Significant progress has been made in establishing SHG as a viable microscopic imaging technology for biomedical applications, both in terms of exploration of its physical principles, development of the technology, and identification of practical applications. Before full practical translation to clinical applications can occur, several areas under development must improve. First, SHG imaging instrumentation needs to be user friendly and of a size compatible with clinical practices. However, “turn-key” Ti:sapphire lasers and small footprint solid state platforms at specific wavelengths are now commercially offered, and available wavelengths and power should continue to improve. These technology improvements would be immediately effective for imaging superficial regions of tissues, including skin and breast, in which SHG alone and in multimodal form have been effective in delineating normal and malignant tissues.11,31,36,48
Microendoscopy techniques are also advancing and could be integrated into standard clinical endoscopes and laparoscopes. For example, photonic crystal fibers and gradient refractive index lens (GRIN) lens technology have been combined with miniaturized scanning systems, affording true in vivo image acquisition. For example, Llewellyn et al. recently demonstrated that minimally invasive SHG microendoscopy could measure changes in sarcomere lengths in a live mouse through a stick objective (GRIN lens puncturing the tissue) inserted into the muscle.49 Li and coworkers50 developed an alternate scheme in which the distal end is scanned; this is ideal for imaging organs such as the esophagus or colon where conventional endoscopes are already used routinely in clinical imaging applications.
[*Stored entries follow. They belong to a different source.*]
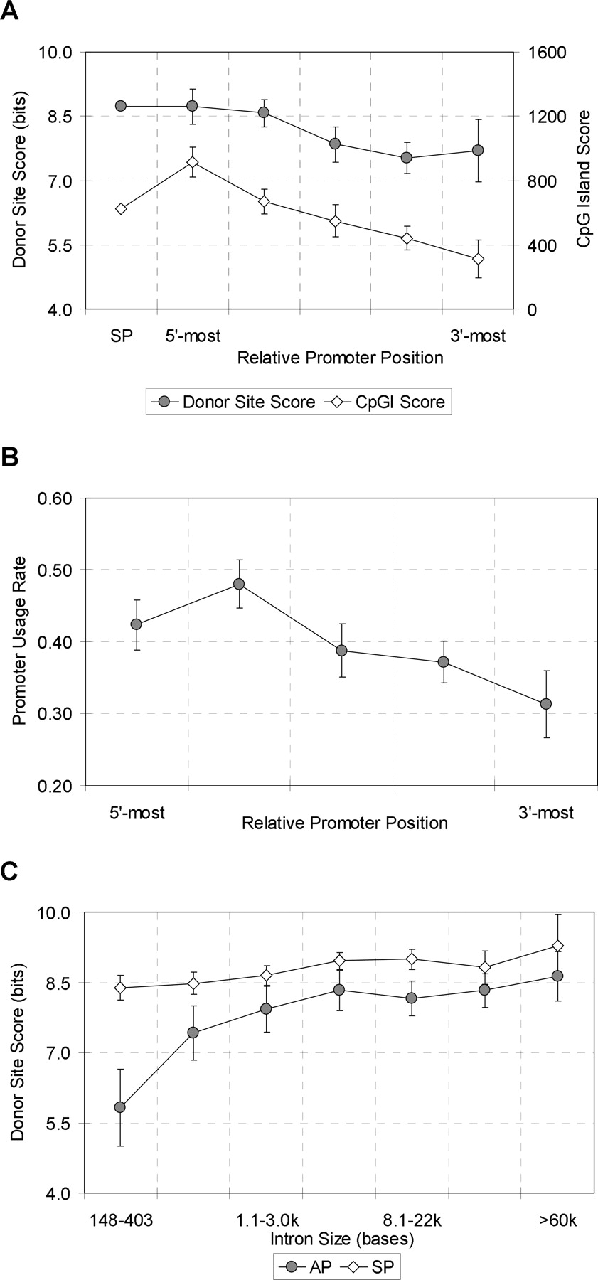 Donor site score (A), CpG island score (A), and promoter usage rate (B) as a function of relative promoter position, and donor-site score as a function of intron size (C). In A and B, AP cases with the promoter cluster size of ≥2 in both human and mouse were analyzed.
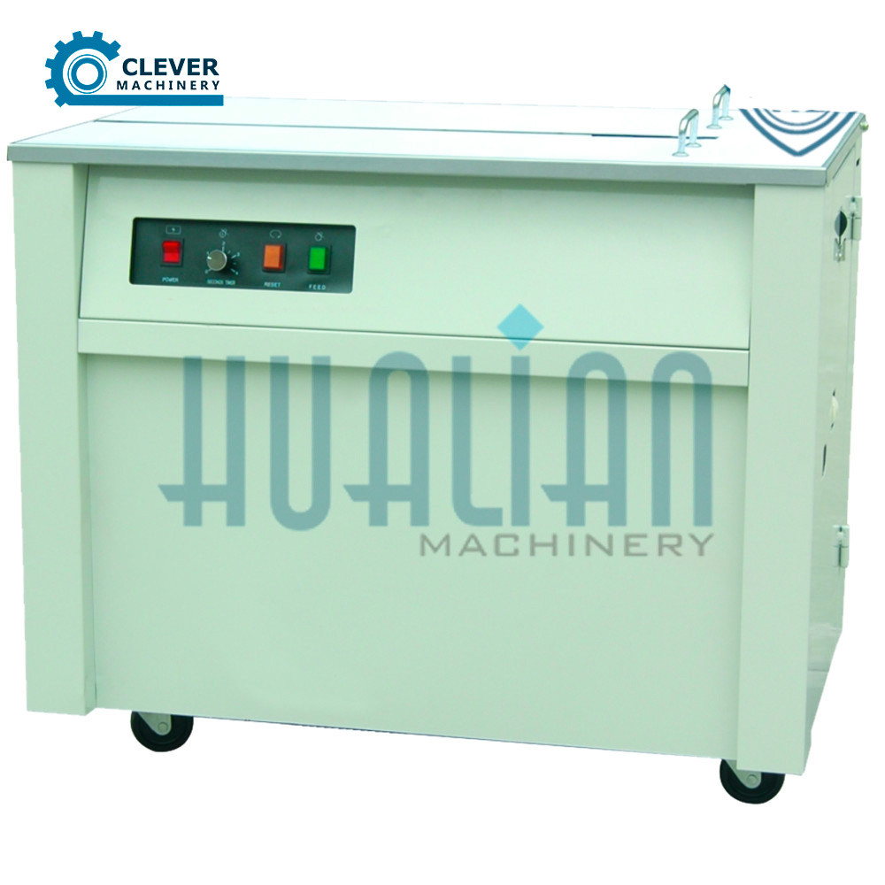 Призначений для обв'язування поліпропіленовою стрічкою коробок, пластикових контейнерів, книг та інших предметів круглої, квадратної або циліндричної форми. Машина напівавтоматична для обв'язування предмета потрібно вільний кінець стрічки подати в пристрій і машина створить потрібне натягування і зварить стрічку. Ця модель призначена для загального використання. Бобіна зі стрічкою встановлюється в корпус машини, що захищає стрічку від пилу та сміття і скорочує габарити машини. Для заощадження електроенергії та збільшення ресурсу машини передбачена функція автовимкнення.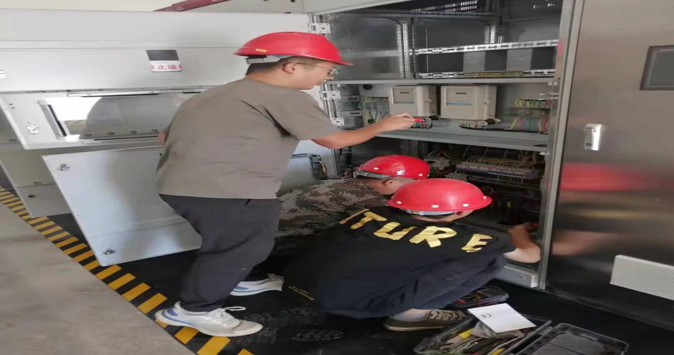 说干就干,在制定好实施计划并做好工器具、配件的准备工作后,设备技术部全员在主任工程师尹胜勇的带领下,于8月下旬正式投入了紧张有序的配电室改造工作中。首先UPS电池柜的改造和重新布线势必会造成水厂5眼机井和部分用电设施的长时间停电,为不影响供水生产,减少停电造成的影响,通过大家的集思广益,决定在拆除旧UPS电池柜前先是通过加装零时电源线转代负荷的方式避免大面积停电。其次就是柜内线缆、空开、电表、互感器、指示灯、电池的拆除和重新安装工作,虽然繁琐但不复杂,更多需要大伙们细致考虑和协同配合。其实配电柜的改造更加讲究工艺,最终不仅要实现用电功能,柜内线缆设备还需安全可靠整洁美观。因此每一根电缆的走向,每一个电气设备的布置,每一个接线端子的安装都需要认真思考,这样既能提高效率,也能减少因安装位置和接线错误造成的返工。在分配好每个人的任务后,配电室改造施工就在一片如火如荼中彻底展开。你递给我一个扳手,我帮你固定个螺栓,在尹工的周密指挥和大家有条不紊的配合下,仅用了4天时间就完成了柜内电气设备的安装和布线工作。最后仅剩下UPS电池组的新柜安装,但又一个新难题的出现拦住了大家的脚步,原因是从旧柜拆除下来的UPS电池托架和新柜尺寸不匹配而无法安装。正当大伙为此一筹莫展之时,曹师傅的一句“能不能直接不用旧电池托架,把废旧配电柜的固定板能拆下来,加工一下当托架怎么样?”启发了大家,立刻分头去将报废旧配电的固定板拆了下来,根据新柜的测量尺寸,使用切割机重新进行了加工并用手电钻打眼,分三层固定在新柜内。在固定牢靠后,一起将11块100AH的更换电池安装在了新加工的托架上。终于忙碌到第5天的晚上8点成功送电,所有设备经检查均运行正常。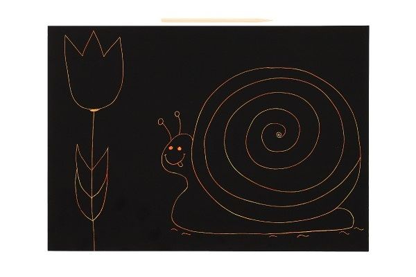Po seškrábání linek předtištěného obrázku se objeví krásný rytinový obrázek. Sada obsahuje obrázek natištěný na černém kartonu, 1x prázdný arch, na který lze vyškrábat libovolné ornamenty a dřevěné pero.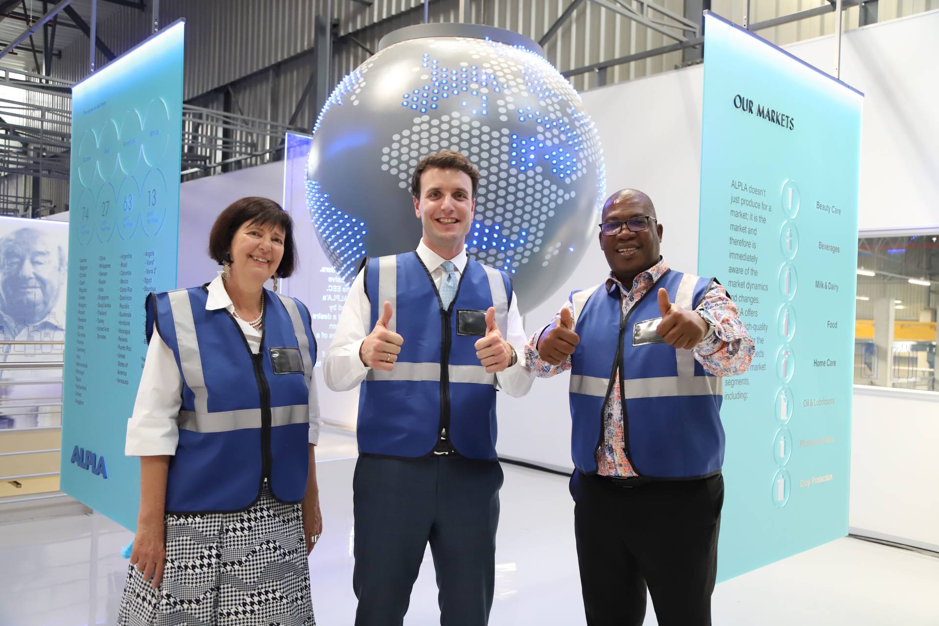 35,000 square metres of covered production, administration and storage space, another 12,500 for future expansion, and 30,000 square metres of roof area equipped with solar panels: with the new plant in Lanseria, ALPLA is setting the course for further growth in Sub-Saharan Africa. After around two years of construction and relocation, the international packaging company celebrated the opening of the ultra-modern location on 12 October in the presence of the South African Minister of Forestry, Fisheries and the Environment Barbara Creecy, the Premier of the Gauteng province Panyaza Lesufi, Austrian Ambassador-Designate to South Africa Romana Königsbrun and many other high-ranking guests.

Hybrid systems could be developed in the near future. One possible scenario would be to use a larger area imaging modality such as optical coherence tomography to guide the higher resolution SHG probe. Otherwise, the intrinsic small field area of SHG/NLO imaging would make it impractical as a stand-alone method. Moreover, this approach would be best suited for imaging accessible tissue such as the colon and esophagus, where the lens system would be minimally invasive.
With the exciting and recent technical development of SHG imaging and its applications, the technique could become a useful diagnostic tool capable of providing real time spatial guidance for biopsies. The job will soon rest in the hands of the commercial instrument community to integrate all these pieces into a viable clinical instrument.
P. J. C. gratefully acknowledges support under NIH CA136590-01. We thank Prof. Patti Keely and Prof. Ji-Xin Cheng for providing images. We thank Kevin Eliceiri for reading the manuscript.